━━━ THE INPUT

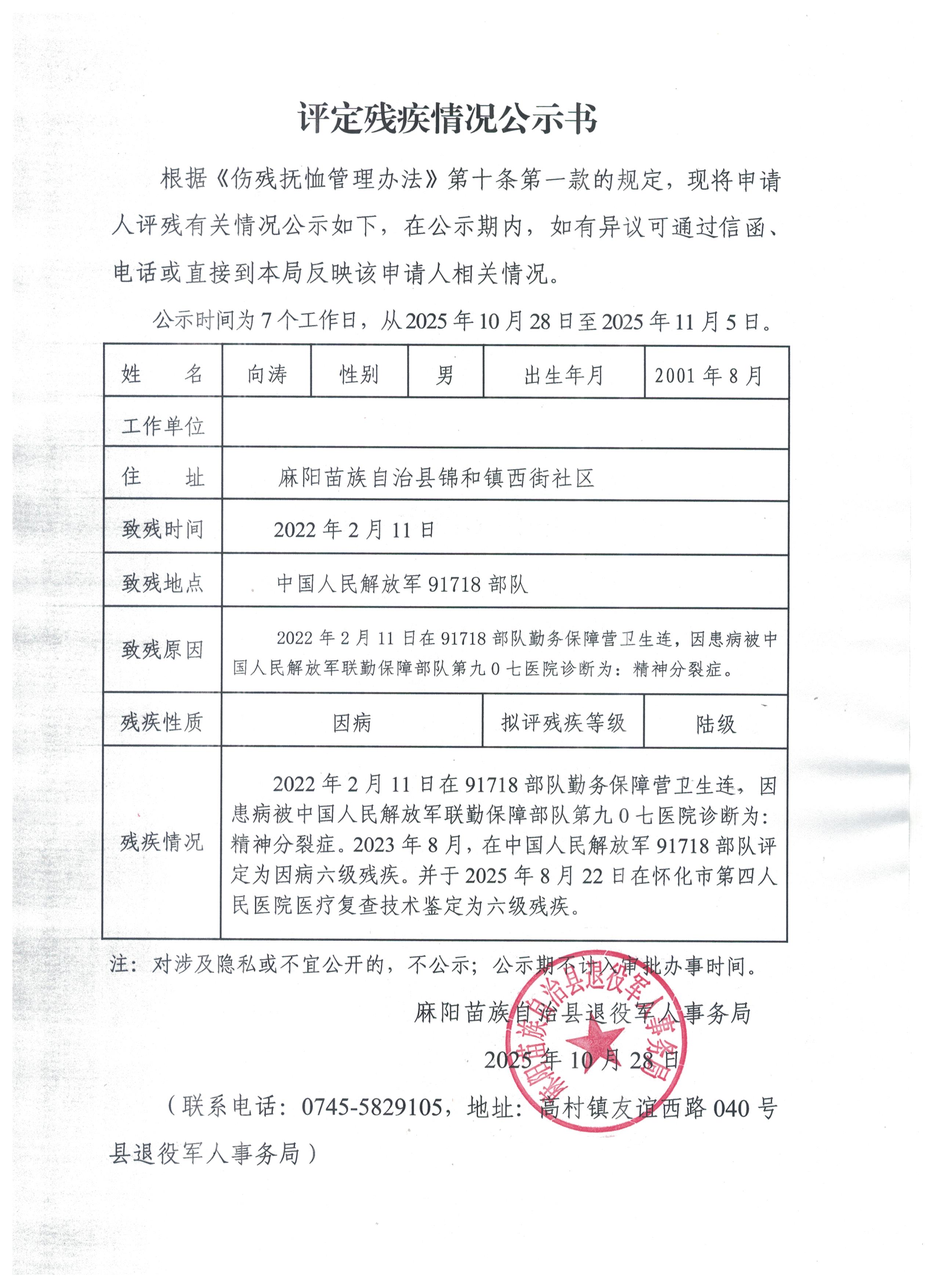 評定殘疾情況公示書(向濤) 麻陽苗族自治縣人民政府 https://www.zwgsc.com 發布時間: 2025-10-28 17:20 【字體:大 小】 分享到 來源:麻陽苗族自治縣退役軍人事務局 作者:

━━━━━━
━━━ THE INPUT

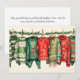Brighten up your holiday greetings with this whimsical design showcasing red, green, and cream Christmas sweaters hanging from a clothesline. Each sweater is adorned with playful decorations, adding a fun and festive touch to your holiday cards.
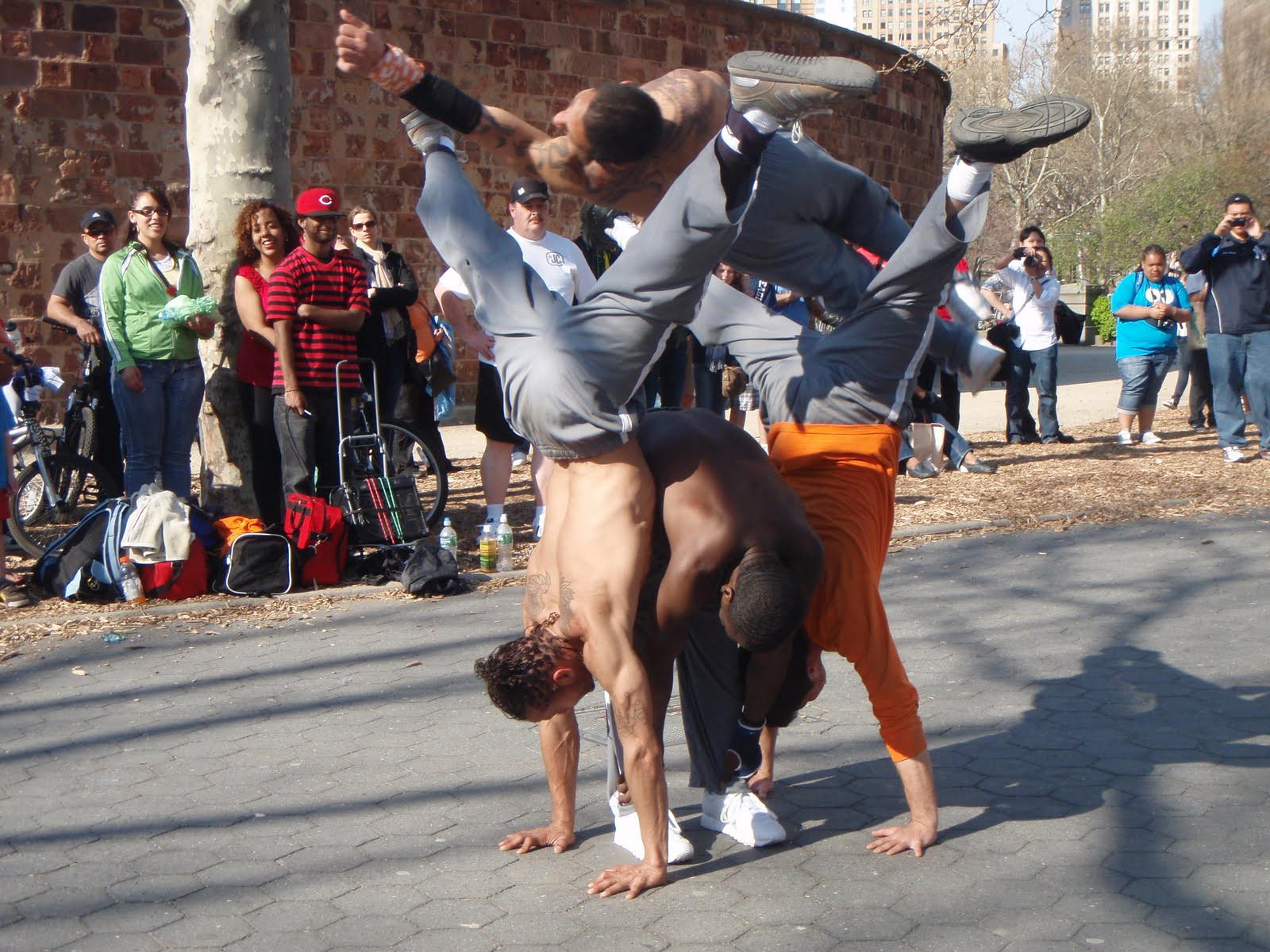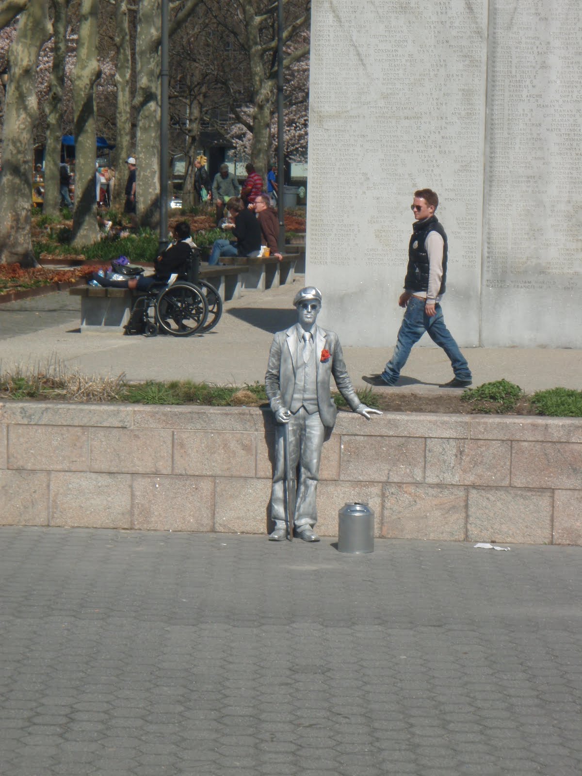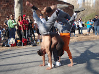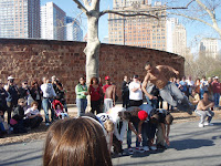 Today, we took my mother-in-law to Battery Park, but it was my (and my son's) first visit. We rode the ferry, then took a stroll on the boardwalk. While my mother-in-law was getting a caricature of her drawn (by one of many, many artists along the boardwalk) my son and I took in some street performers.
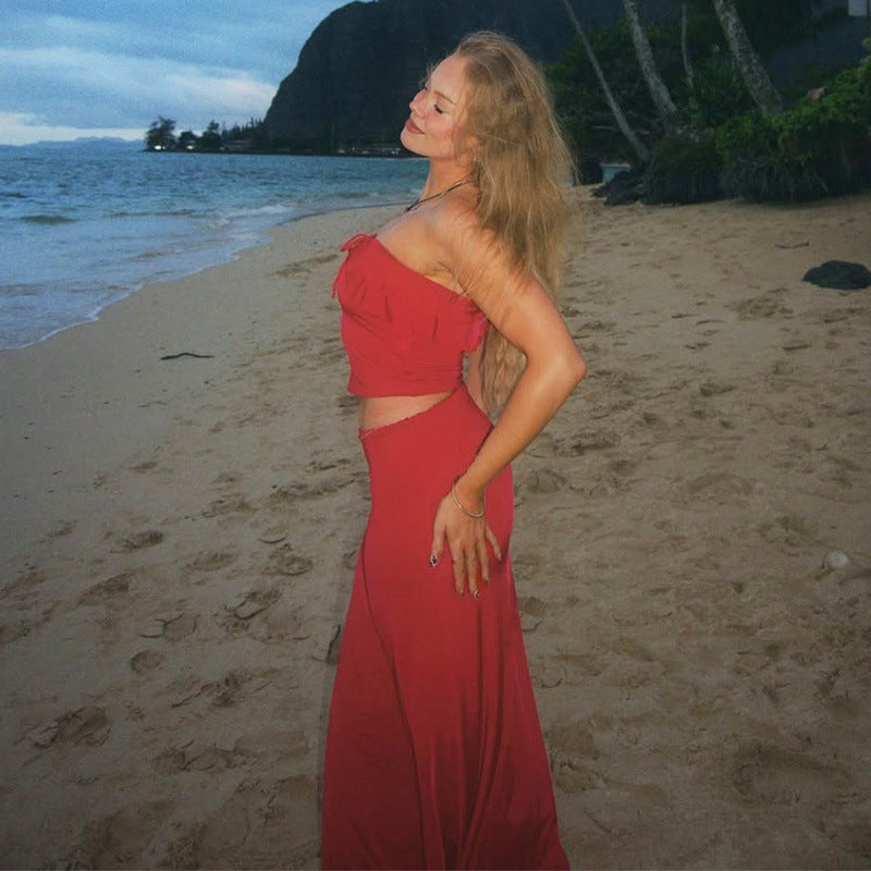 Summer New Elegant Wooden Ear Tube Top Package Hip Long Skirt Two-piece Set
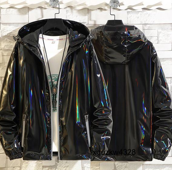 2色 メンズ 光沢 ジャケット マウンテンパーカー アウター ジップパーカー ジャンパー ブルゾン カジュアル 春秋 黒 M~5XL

━━━━━━
━━━ THE INPUT

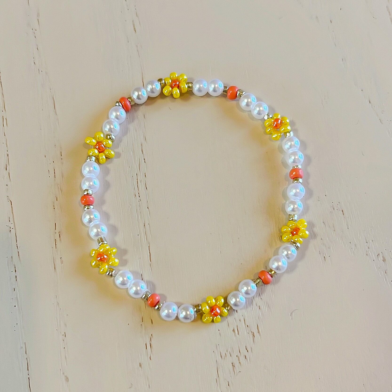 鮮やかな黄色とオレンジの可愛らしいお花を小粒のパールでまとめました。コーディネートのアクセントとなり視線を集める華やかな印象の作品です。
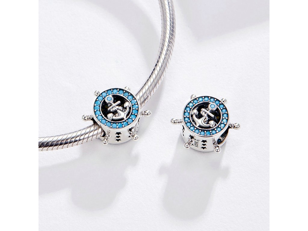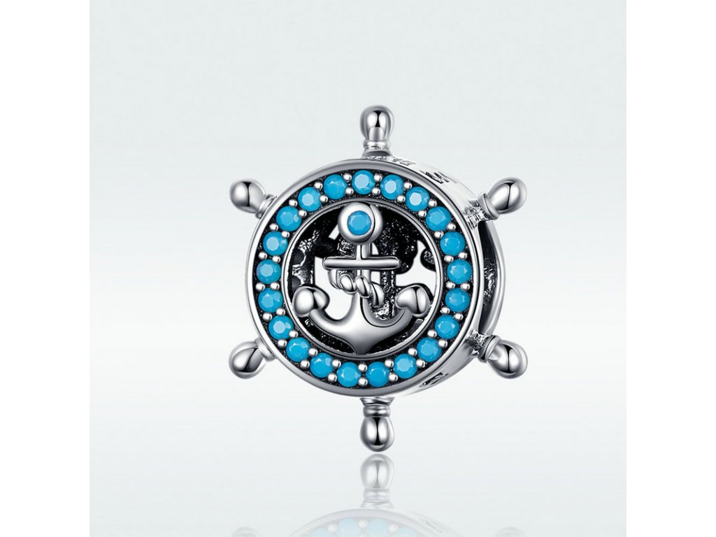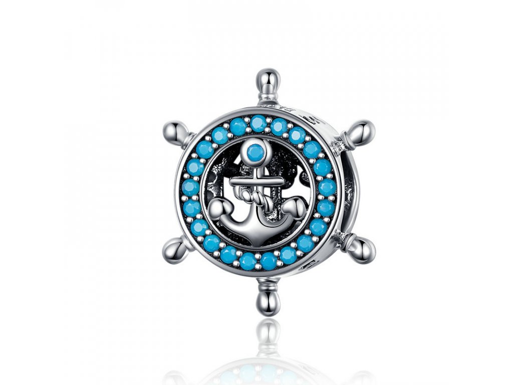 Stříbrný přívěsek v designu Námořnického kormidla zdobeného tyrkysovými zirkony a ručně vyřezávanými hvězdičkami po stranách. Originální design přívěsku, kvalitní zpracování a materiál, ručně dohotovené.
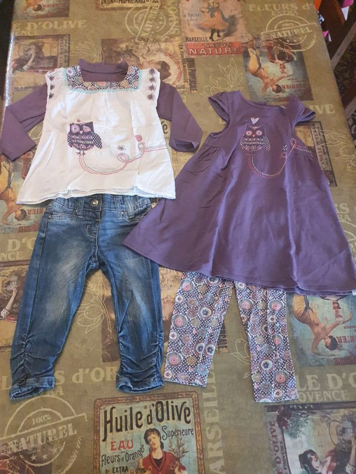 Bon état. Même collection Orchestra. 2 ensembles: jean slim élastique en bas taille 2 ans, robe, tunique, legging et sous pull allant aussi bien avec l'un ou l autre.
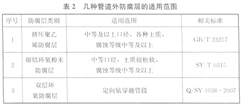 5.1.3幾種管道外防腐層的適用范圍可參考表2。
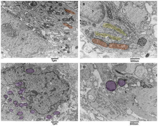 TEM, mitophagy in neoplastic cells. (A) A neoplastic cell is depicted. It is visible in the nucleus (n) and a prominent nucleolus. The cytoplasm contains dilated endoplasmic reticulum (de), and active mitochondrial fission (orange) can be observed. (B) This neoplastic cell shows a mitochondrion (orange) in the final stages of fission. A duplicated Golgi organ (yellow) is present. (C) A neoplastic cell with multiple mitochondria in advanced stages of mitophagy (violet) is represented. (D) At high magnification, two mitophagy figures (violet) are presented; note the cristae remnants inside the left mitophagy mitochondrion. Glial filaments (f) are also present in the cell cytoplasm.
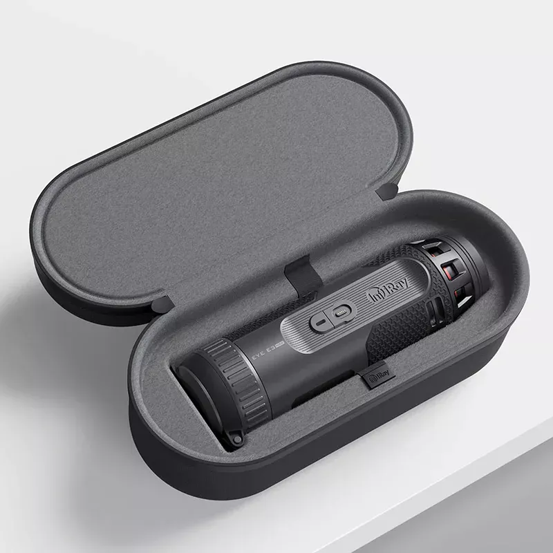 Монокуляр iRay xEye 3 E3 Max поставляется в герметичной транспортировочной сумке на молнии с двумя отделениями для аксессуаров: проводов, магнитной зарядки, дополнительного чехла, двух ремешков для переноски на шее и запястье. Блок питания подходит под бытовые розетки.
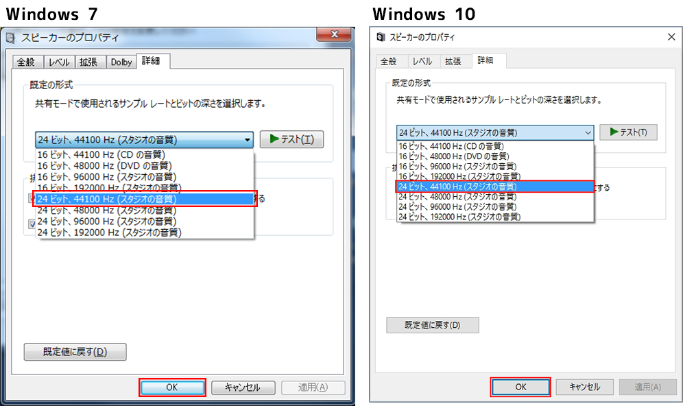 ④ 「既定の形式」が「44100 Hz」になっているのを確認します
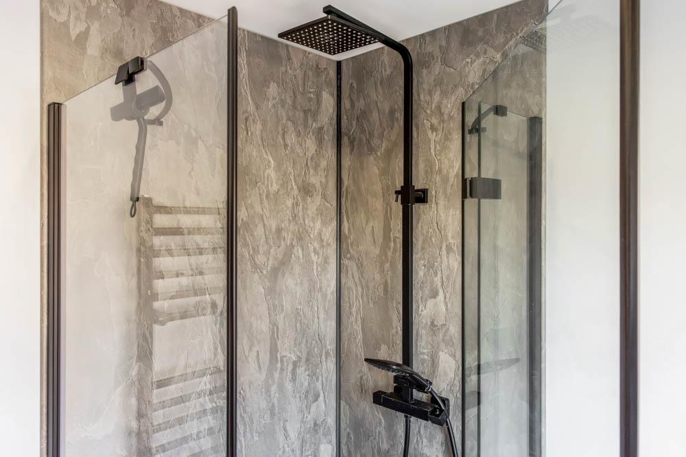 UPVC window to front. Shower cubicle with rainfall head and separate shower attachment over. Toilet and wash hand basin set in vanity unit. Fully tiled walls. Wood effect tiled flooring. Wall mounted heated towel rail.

━━━━━━

= WORK REQUEST =
Exact copy, no pictures. Write out the lines in the entries above, starting with the line with "Today, we took" and going on through the line with "2色 メンズ 光沢 ジャケット", keeping both.

= SOLUTION =
 Today, we took my mother-in-law to Battery Park, but it was my (and my son's) first visit. We rode the ferry, then took a stroll on the boardwalk. While my mother-in-law was getting a caricature of her drawn (by one of many, many artists along the boardwalk) my son and I took in some street performers.
 Summer New Elegant Wooden Ear Tube Top Package Hip Long Skirt Two-piece Set
 2色 メンズ 光沢 ジャケット マウンテンパーカー アウター ジップパーカー ジャンパー ブルゾン カジュアル 春秋 黒 M~5XL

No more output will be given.